EGU General Assembly 2023
© Author(s) 2023. This work is distributed under
the Creative Commons Attribution 4.0 License.

Peeking Inside Hydrologists' Minds: Comparing Human Judgment and Quantitative Metrics of Hydrographs

Martin Gauch1,2, Frederik Kratzert2, Oren Gilon2, Hoshin Gupta3, Juliane Mai4, Grey Nearing2, Bryan Tolson4, Sepp Hochreiter1, and Daniel Klotz1
Martin Gauch et al.
  • 1LIT AI Lab & Institute for Machine Learning, Johannes Kepler University Linz, Linz, Austria
  • 2Google Research, Austria, Israel, USA
  • 3Department of Hydrology and Atmospheric Sciences, University of Arizona, Tucson, USA
  • 4Department of Civil and Environmental Engineering, University of Waterloo, Waterloo, Canada

Everyone wants their hydrologic models to be as good as possible. But how do we know if a model is accurate or not? In the spirit of rigorous and reproducible science, the answer should be: we calculate metrics. Yet, as humans, we sometimes follow a scheme of "I know a good model when I see it" and manually inspect hydrographs to assess their quality. This is certainly a valid method for sanity checks, but it is unclear whether these subjective visual ratings agree with metric-based rankings. Moreover, the consistency of such inspections is unclear, as different observers might come to different conclusions about the same hydrographs.

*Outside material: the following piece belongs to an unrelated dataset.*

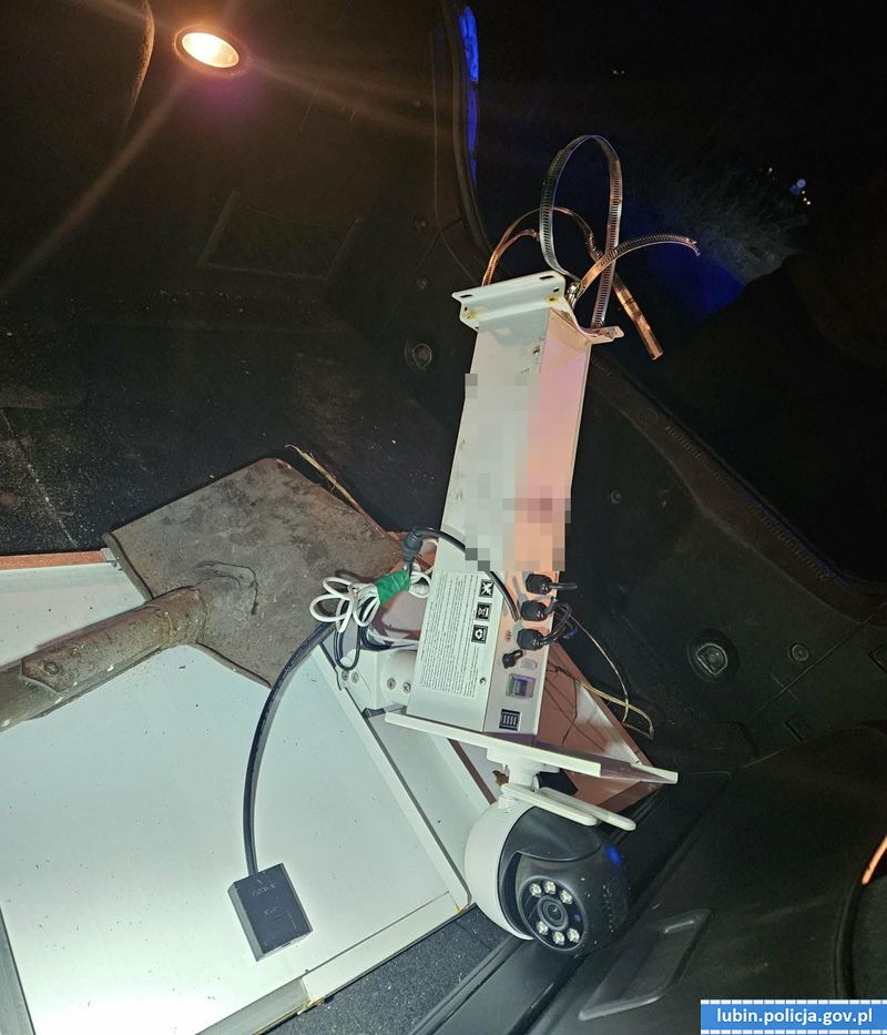 Policjanci nie dając wiary tłumaczeniom 33-latka, sprawdzili jego samochód. W bagażniku auta ujawnili kamerę wraz z panelem solarnym. Urządzenie miało obcięte przewody zasilające, a zaciski montażowe były rozerwane. Dodatkowo pod siedzeniem pasażera funkcjonariusze ujawnili narzędzia, między innymi łopatę i łom.

In this presentation, we report a large-scale study where we collected responses from 622 experts, who compared and judged more than 14,000 pairs of hydrographs from 13 different models. Our results show that overall, human ratings broadly agree with quantitative metrics in a clear preference for a Machine Learning model. At the level of individuals, however, there is a large amount of inconsistency between ratings from different participants. Still, in cases where experts agree, we can predict their most likely rating purely from qualitative metrics. This indicates that we can encode intersubjective human preferences with a small set of objective, quantitative metrics. To us, these results make a compelling case for the community to put more trust into existing metrics—for example, by conducting more rigorous benchmarking efforts.

How to cite: Gauch, M., Kratzert, F., Gilon, O., Gupta, H., Mai, J., Nearing, G., Tolson, B., Hochreiter, S., and Klotz, D.: Peeking Inside Hydrologists' Minds: Comparing Human Judgment and Quantitative Metrics of Hydrographs, EGU General Assembly 2023, Vienna, Austria, 24–28 Apr 2023, EGU23-12261,, 2023.